## EXERCISE INSTRUCTIONS
Quote only the span from the first line of the entries to the line containing "Так, с сегодняшнего дня", both ends kept. Leave every picture out.

━━━━━━━━━━━━━━━━━━━━

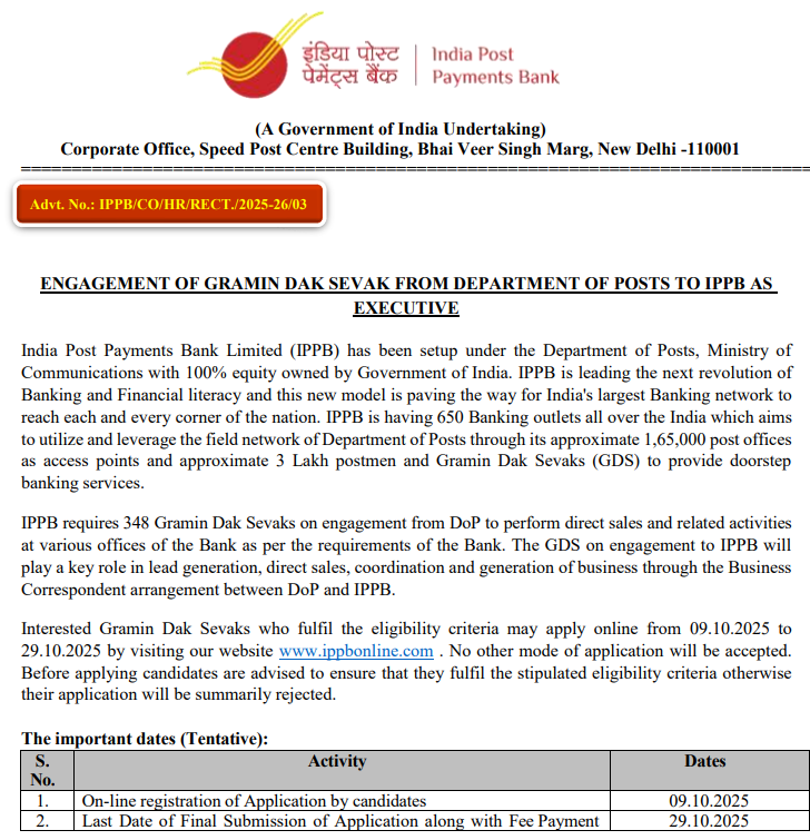 IPPB Off-Campus Recruitment: India Post Payments Bank Limited (IPPB) was established as a part of the Department of Posts, Ministry of Communications, and is completely operated by the Government of India. It invites applicants from eligible Gramin Dak Sevaks (GDS) for 348 executive positions. This job opportunity draws on the huge network of more than 160,000 post offices, and the 3000 postmen, as well as GDS, to provide banking-on-demand services, promoting financial integration across India. Applications are accepted until the 9th of October, 2025, through the 30th of October, 2025, only through www.ippbonline.com. Here are the specifics of this amazing job opportunity.
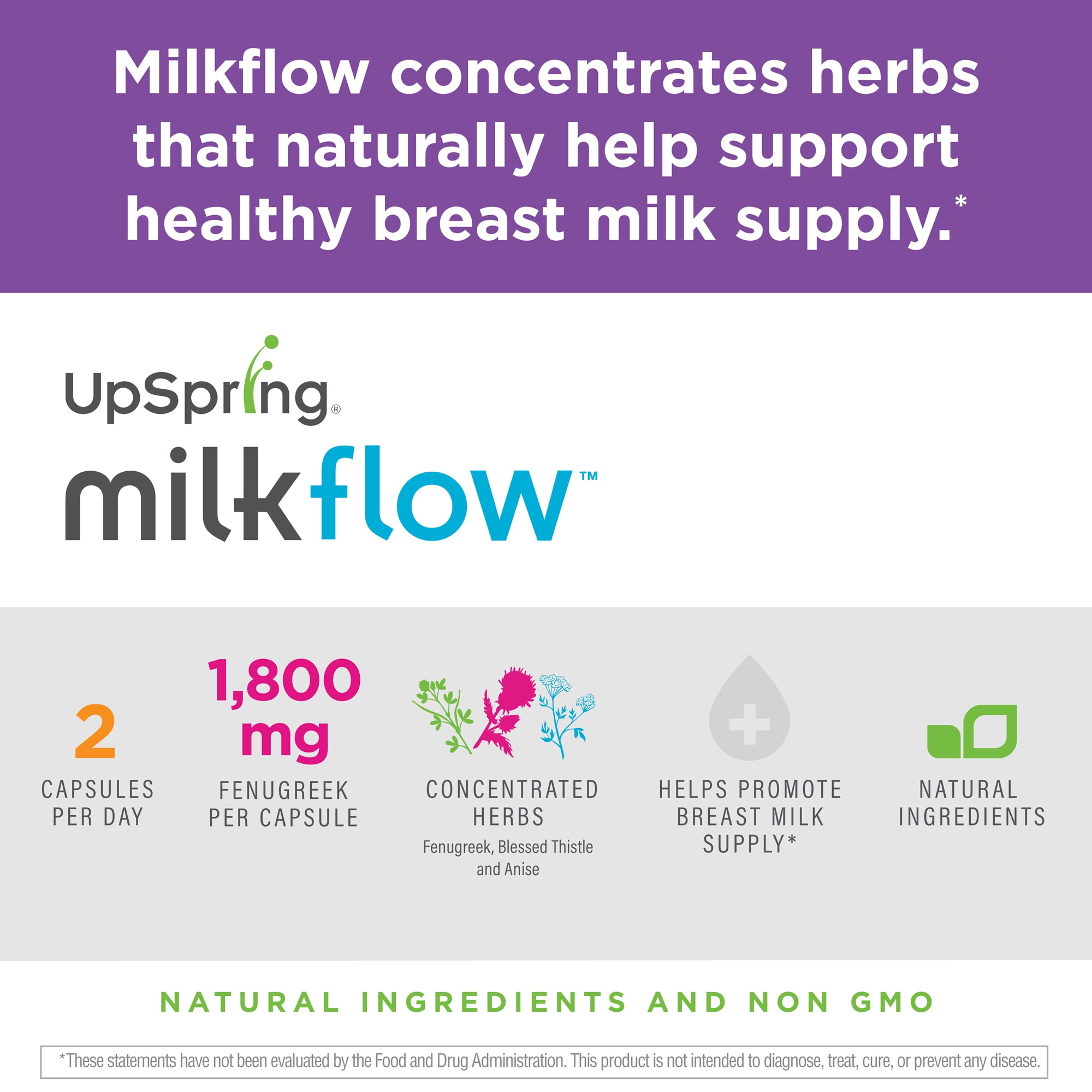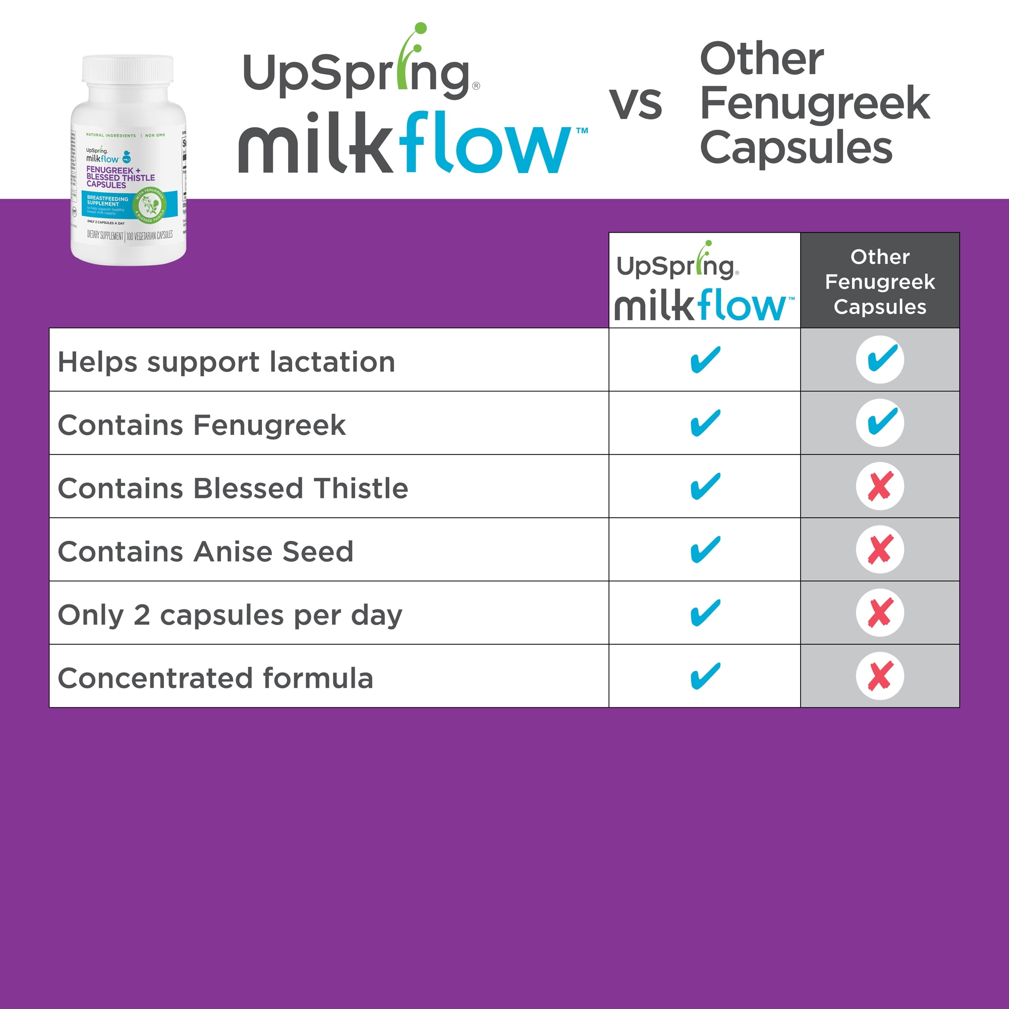 Upspring Milkflow Lactation Supplement Capsules, Fenugreek Capsules for Breastfeeding, 60 Count
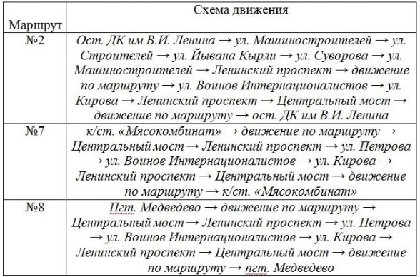Так, с сегодняшнего дня и до 24 июня городской транспорт № 2, 7 и 8 будет ходить по схеме, указанной в таблице.
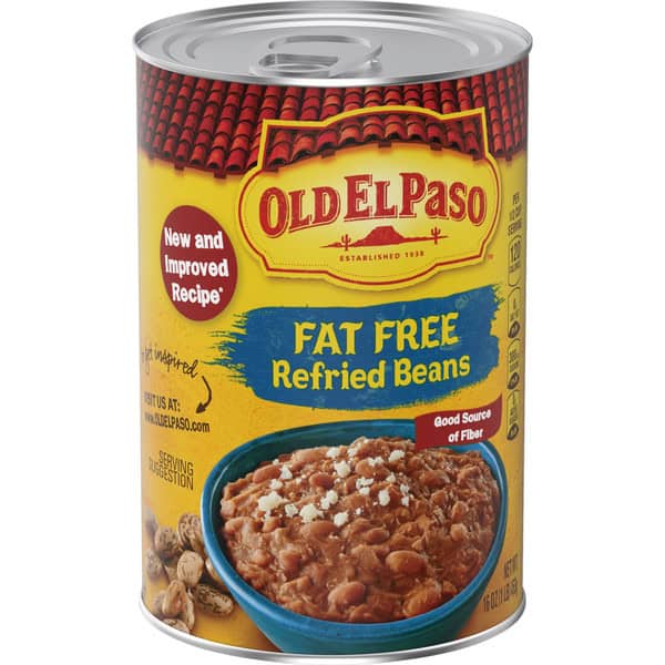Old El Paso Fat Free Refried Beans create a delicious base for any Mexican-style food or tasty side dish. Made with just the right amount of spices, these fat-free canned beans are ready to add to tacos, burritos, nachos or any Mexican dish. Simply heat them up in the microwave or on the stovetop and enjoy. Tonight, we taco!
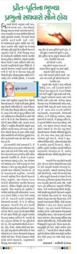 ભક્તની જેમ પ્રભુ પ્રીતને માણવી હોય, તો રાગ-દ્વેષના કોલાહલને શાંત કરવો પડે અને અહંકારી માનસને ઓગાળવું પડે. મનનું અહંકારી, અજ્ઞાની સ્વભાવનું માનસ ત્યારે ઓગળી શકે, જ્યારે એને પરખાઈ જાય કે, સર્વત્ર પ્રભુની ચેતનાનો જ સંચાર છે અને તેનાં વગર હું નિરાધાર છું તથા એનાં સંગાથ વગર દેહધારી જીવનની હસ્તી નથી. આવી પારખ રૂપે સચ્ચિદાનંદ સ્વરૂપથી પરિચિત થવાય, તે છે મનની શરણાગતિની જાગૃતિ. એવી જાગૃતિ પ્રભુ પ્રીતની ઐક્યતાને અનુભવે અને એકમનો મોહ લગાડે છે. ભક્ત પ્રભુ પ્રીતમાં એકરૂપ થવાં માટે મોહાંધ થાય, તે છે ભાવની અંતરધ્યાનસ્થ સ્થિતિ. એવી ધ્યાનસ્થ સ્થિતિમાં ન હોય રાગ-દ્વેષના અહંકારી વિચારો, પણ હોય ભાવની નિર્મળતાના પ્રકાશિત તરંગો. આવી ભાવમય એકાગ્રતામાં સ્વયંભૂ સ્થિત થવાય, ત્યારે સ્વ જ્ઞાનનો તત્ત્વાર્થ ધારણ થતો જાય. એવાં ભક્તનું અસ્તિત્વ પ્રભુ પ્રીતની અભિવ્યક્તિ ધરે, જેની પ્રતીતિ બીજા જિજ્ઞાસુઓને કરુણા રૂપે, પ્રેમનાં વહાલ રૂપે, સહાનુભૂતિ રૂપે થાય. પ્રભુને પ્રાર્થના કરતાં રહીએ કે, "આપની દિવ્ય પ્રીતની સત્ત્વિક ગુણોની પ્રતિભા ભક્તિ ભાવ સ્વરૂપે પ્રકાશિત થાય એવી કૃપાનું ધન શ્ર્વાસે શ્ર્વાસે ધારણ કરાવો.”
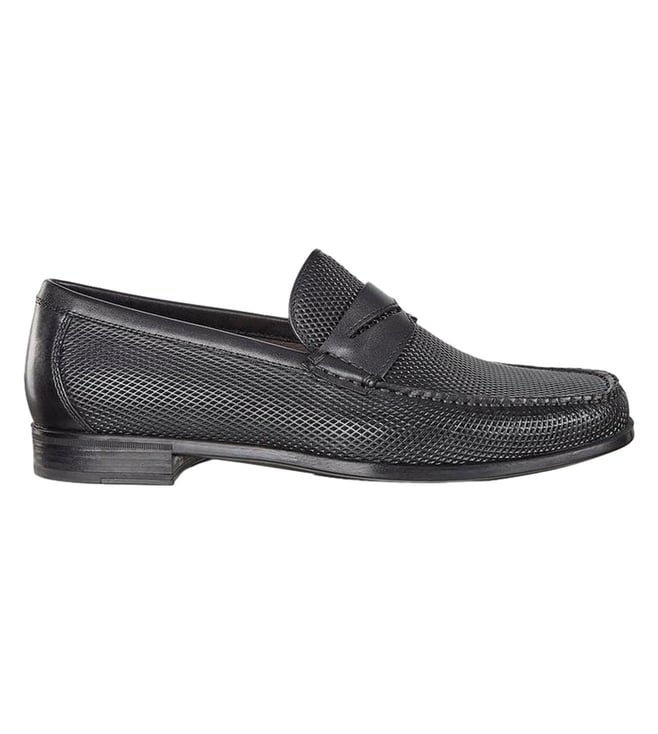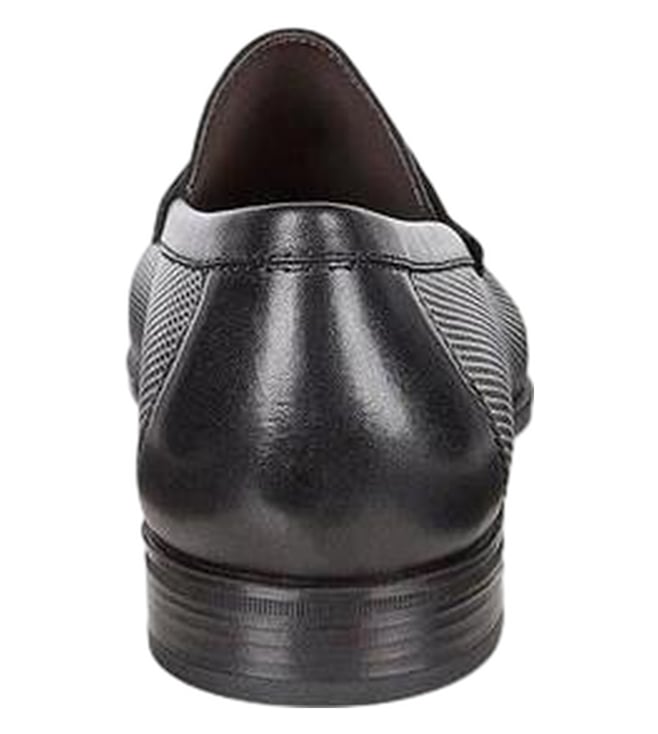 ECCO Men's Dress Moc Black Loafers feature rich leather and a flexible outsole. With ECCO Comfort Fibre System, they maintain a fresh climate for all-day wear in formal or casual settings.

━━━━━━━━━━━━━━━━━━━━

## SOLVED EXERCISE
 IPPB Off-Campus Recruitment: India Post Payments Bank Limited (IPPB) was established as a part of the Department of Posts, Ministry of Communications, and is completely operated by the Government of India. It invites applicants from eligible Gramin Dak Sevaks (GDS) for 348 executive positions. This job opportunity draws on the huge network of more than 160,000 post offices, and the 3000 postmen, as well as GDS, to provide banking-on-demand services, promoting financial integration across India. Applications are accepted until the 9th of October, 2025, through the 30th of October, 2025, only through www.ippbonline.com. Here are the specifics of this amazing job opportunity.
 Upspring Milkflow Lactation Supplement Capsules, Fenugreek Capsules for Breastfeeding, 60 Count
Так, с сегодняшнего дня и до 24 июня городской транспорт № 2, 7 и 8 будет ходить по схеме, указанной в таблице.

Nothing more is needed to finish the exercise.